Though officials did not disclose the victim's identity, Alvin Aragon confirmed in a social media post Wednesday morning that his brother Francis had passed away — days after their family awaited updates from rescue and recovery operations in Myanmar.
"We would like to inform everyone that our brother has been found, and though it is painful for us to accept, he is now with the Lord. We are currently mourning and grieving the loss of our youngest brother," Aragon said in a Facebook post.
DFA Undersecretary Eduardo Jose de Vega said the government is still searching for the three other Filipinos who remained unaccounted for following the magnitude 7.7 earthquake that struck central Myanmar on March 28.

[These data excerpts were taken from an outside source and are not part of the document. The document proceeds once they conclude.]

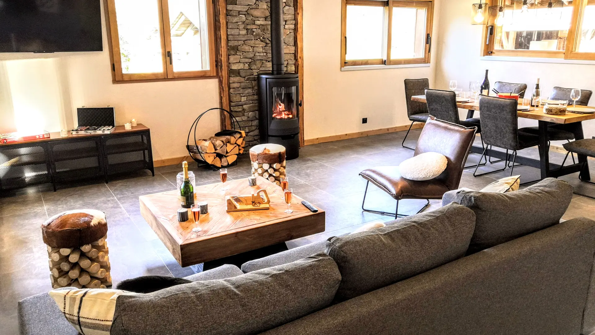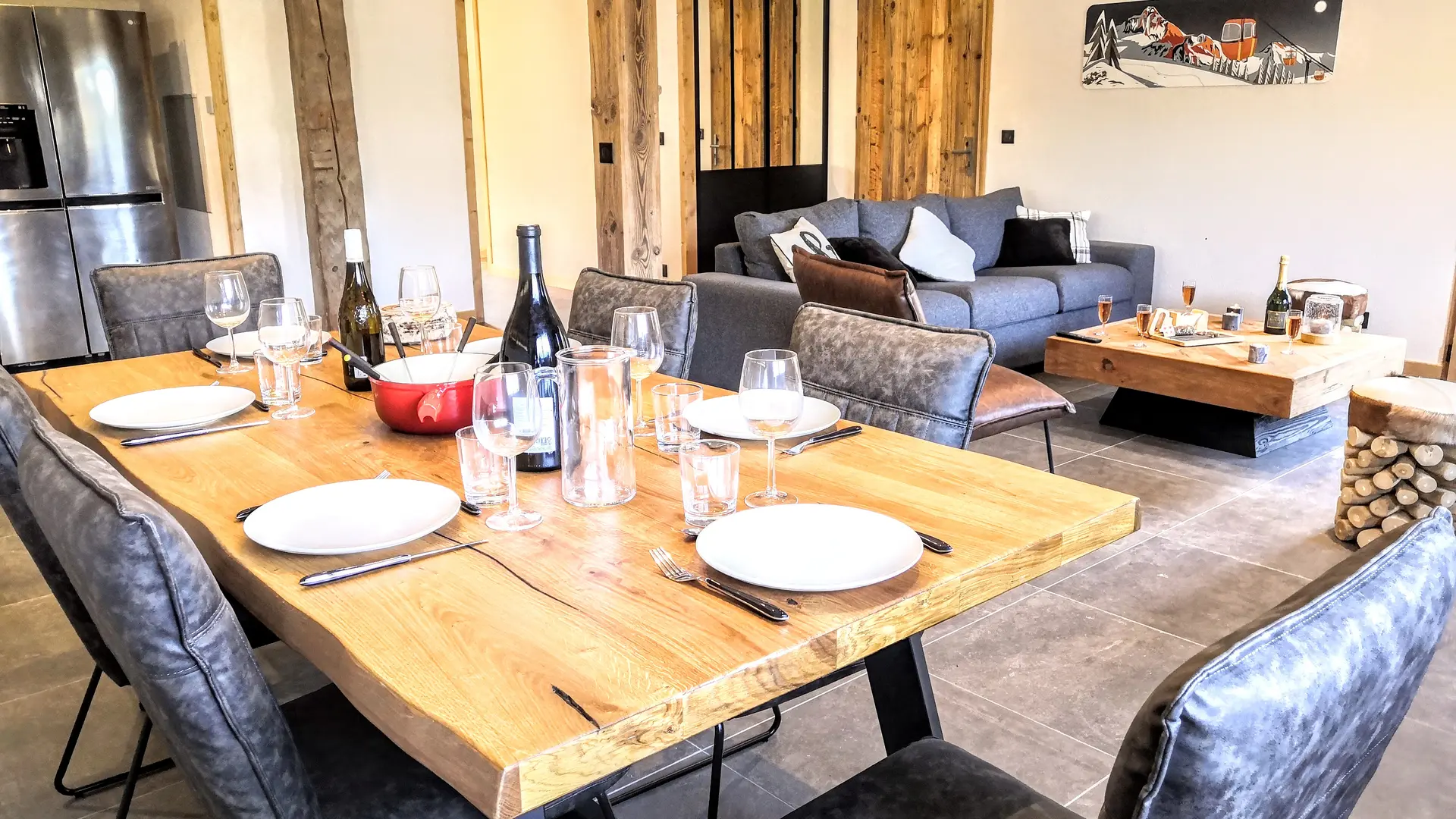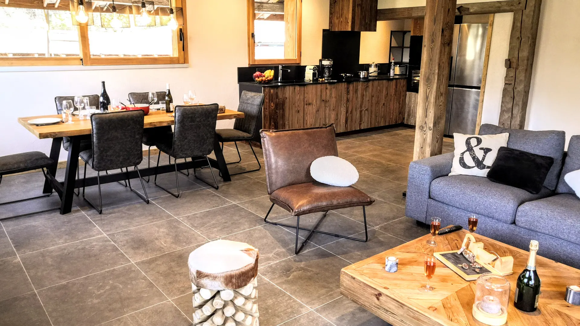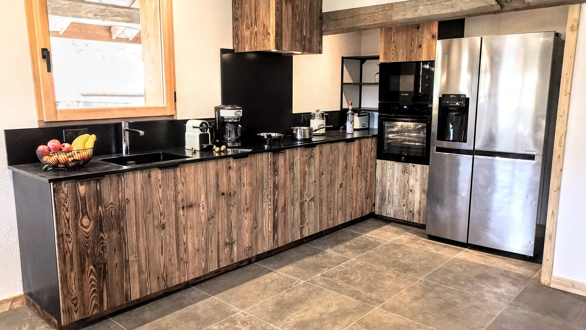 - Une cuisine équipée : Frigo congélateur, Four, micro-ondes, lave-vaisselle, plaque induction, grille pain, bouilloire, cafetière filtre, nespresso à dosette, appareil à fondue, appareil à raclette, un mixeur, un batteur, des torchons, du sel, poivre, sucre, huile, dosettes Nespresso, dosettes lave vaisselle, dosettes lave linge, savons pour la vaisselle et les mains et une éponge, savon pour le corps, shampoing
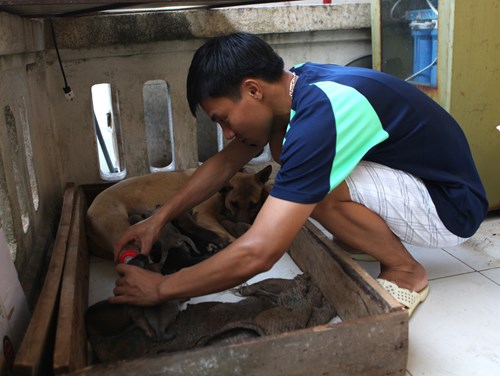 Chiến sĩ quân y, đảo Trường Sa Lớn chăm sóc những chú chó con vừa mới sinh nở. |
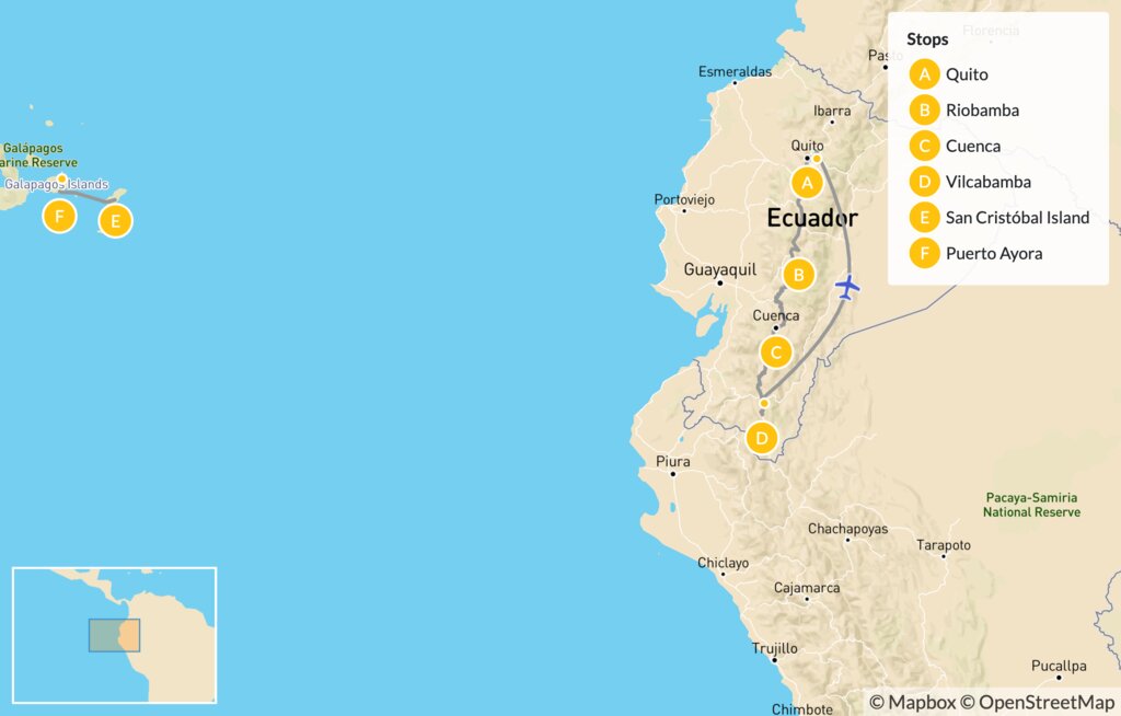 Map of Ecuador Expedition: From Quito to the Galápagos Islands – 13 Days
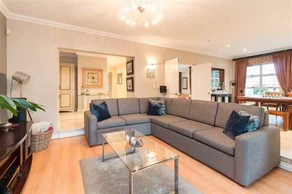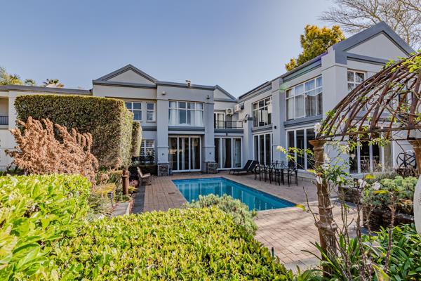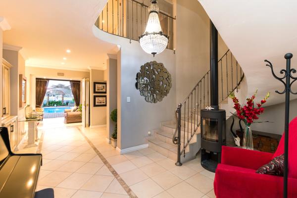 The home is grandly appointed, featuring an impressive entrance hall with a beautiful spiral staircase that leads to an unusual lead glass window feature with natural light streaming through to the upper level. The four living areas and spacious entertainment area open onto a porch and/or the swimming pool and a manicured garden. The 65 sqm entertainment area with under floor heating and huge stack doors is ideal for hosting quests, as it offers a built-in sound system, TV and DSTV connection, double braai with rotisserie, a gas braai, lots of cupboards and as prep bowl.
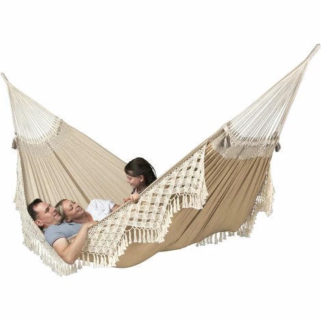 Avec son format généreux, ce hamac classique peut accueillir toute la famille. La taille king-size offre le meilleur confort possible avec sa toile de 180 cm de largeur.
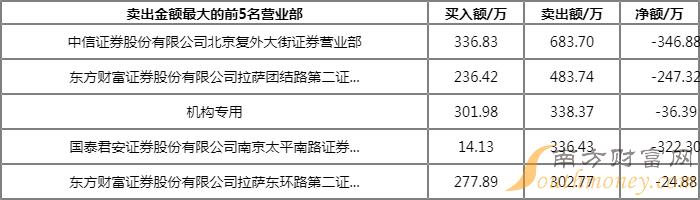 卖三为东方财富证券拉萨团结路第一证券营业部,该席位买入1032.47万元,卖出1525.06万元,净买额为-492.59万元。近三个月内该席位共上榜1151次,实力排名第6。
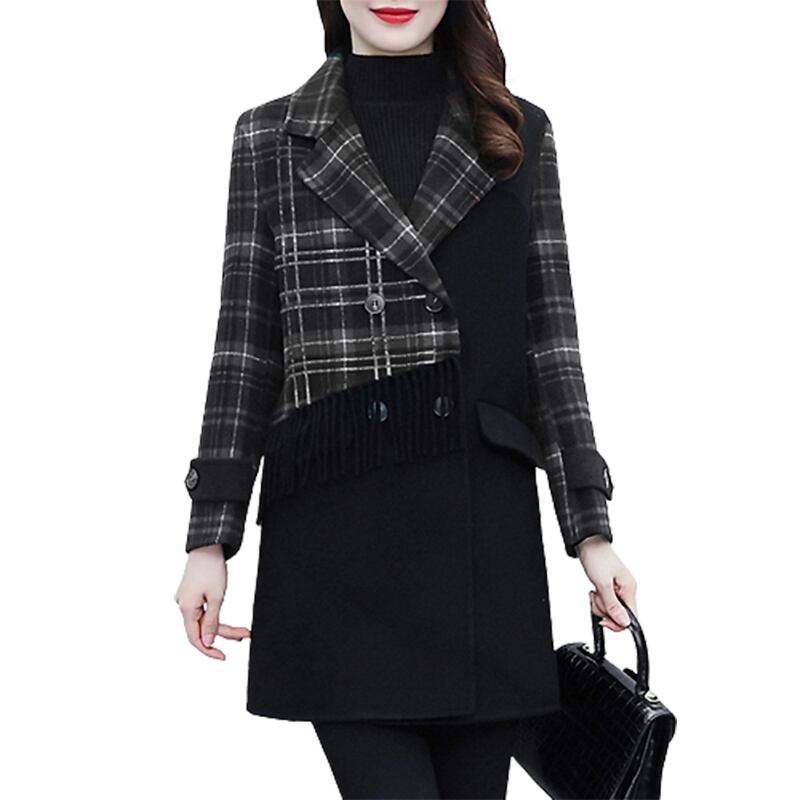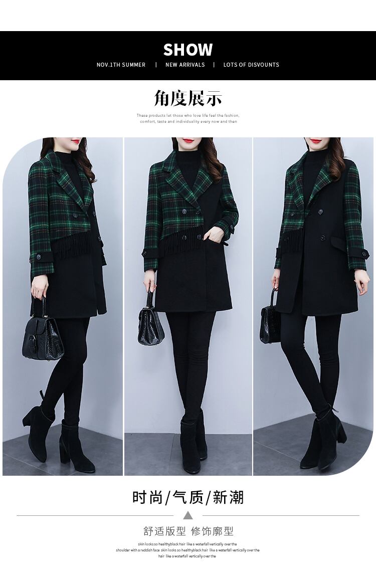 プラスサイズの婦人服2023トレンディな女性の春の新しいファットシスタースプライシング両面ファッション気質の年齢を減らすオールマッチウールコート 大きめサイズ スプリング 春物 8884113304330923
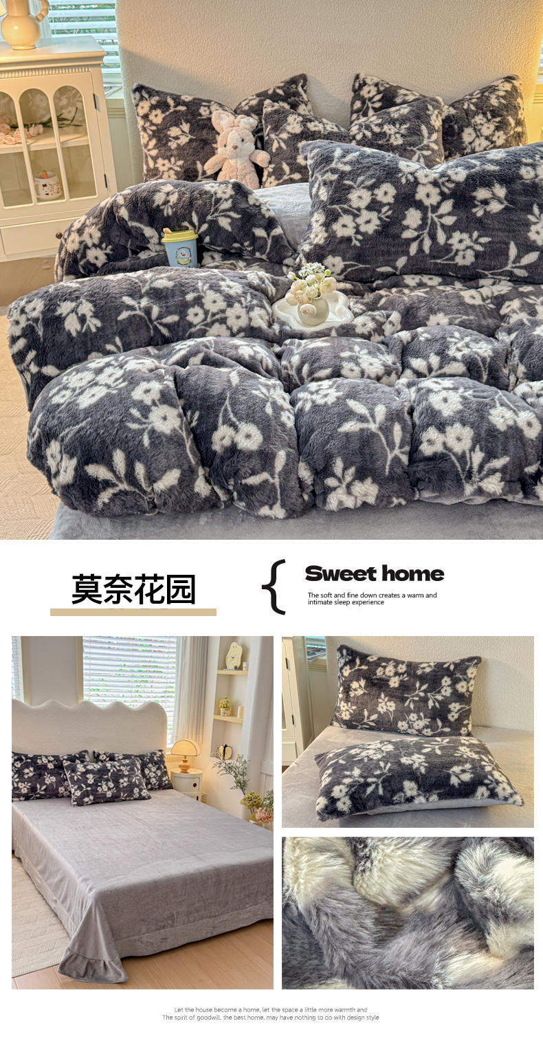 • 91家纺网 家纺一手货源 找家纺 小叮当家纺仓储工厂店 2025新款印花美拉德兔毛印花单被套 被套单件 莫奈花园
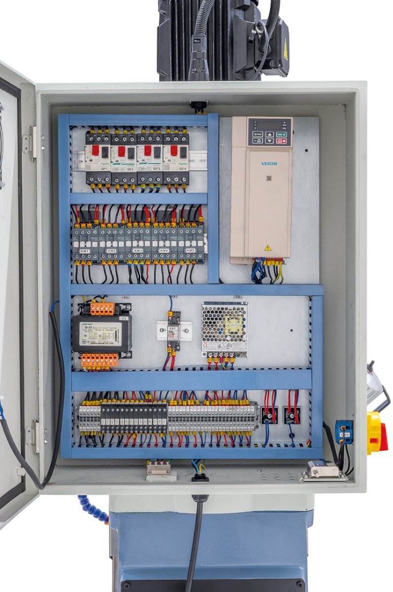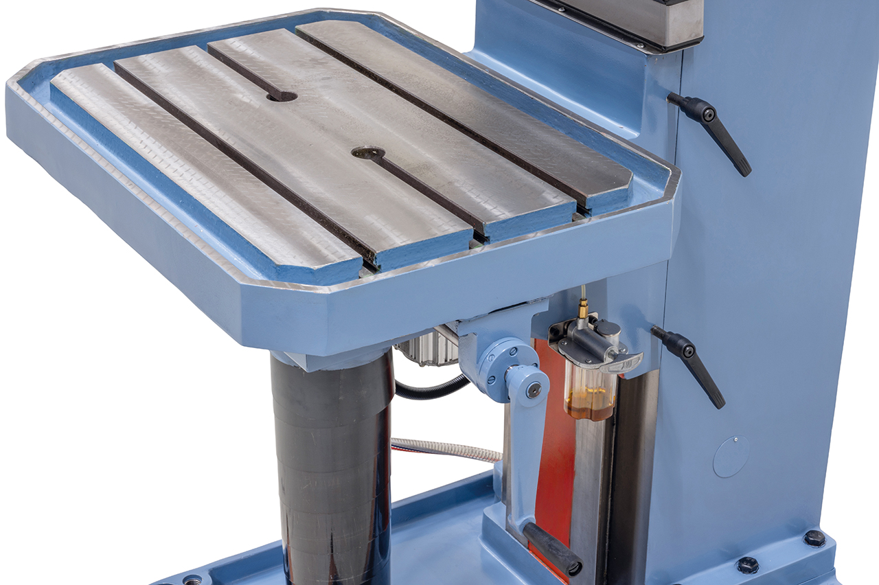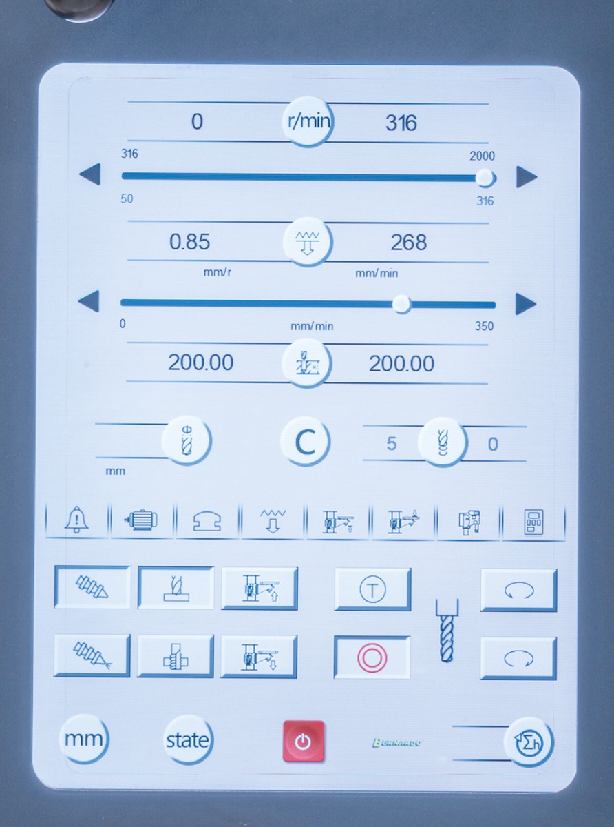 - Vakiona Bohrtronic-ohjaus joka laskee ihanteellisen porausnopeuden tai syöttönopeuden poraukseen ja kierteitykseen terän halkaisijan ja materiaalin perusteella (valurauta/teräs)
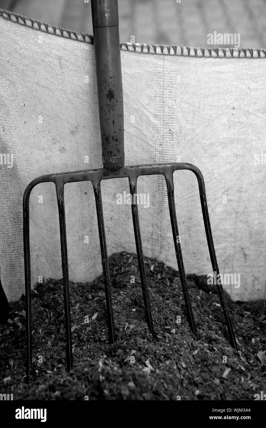 Horse stable witth straw fork tool, sawdust Stock Photo - Alamy
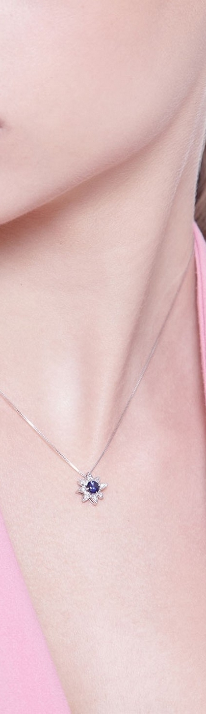 Collana in oro bianco 18k a stella in diamanti e zaffiro blu
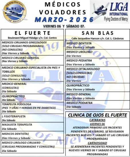 Los Mochis, Sin.- Los Médicos Voladores estarán este viernes y sábado próximos en San Blas y en El Fuerte.
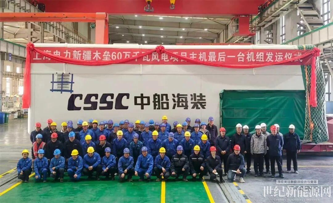 11月12日,中船科技新疆哈密基地为新疆木垒1000万千瓦新能源“头号工程”——国家电投上海电力新疆木垒120万千瓦风电项目生产的最后一台机组成功发运,标志着中船科技为该项目提供的96台机组全部圆满交付“收官”,将为项目实现全容量并网发电提供最强“助攻”,也将为木垒县2025年度实现新增1000万千瓦新能源目标贡献硬核力量。

A team from the National Bureau of Investigation has been helping identify victims in Mandalay by comparing DNA samples from recovered remains with those provided by families of the missing.
The death toll from the earthquake has reached 3,645, according to Myanmar-based news outlet Myanmar Now.
The United Nations estimates that over three million people have been affected by the 7.7-magnitude earthquake in Myanmar, many now homeless as the crisis compounds existing hardships from the country's four-year civil war.
Even ten days after the initial tremors, thousands remain in makeshift camps across the affected regions, afraid to return to damaged structures as aftershocks continue. Those whose homes still stand often sleep outdoors, fearing sudden collapses that claimed so many lives in the quake's immediate aftermath.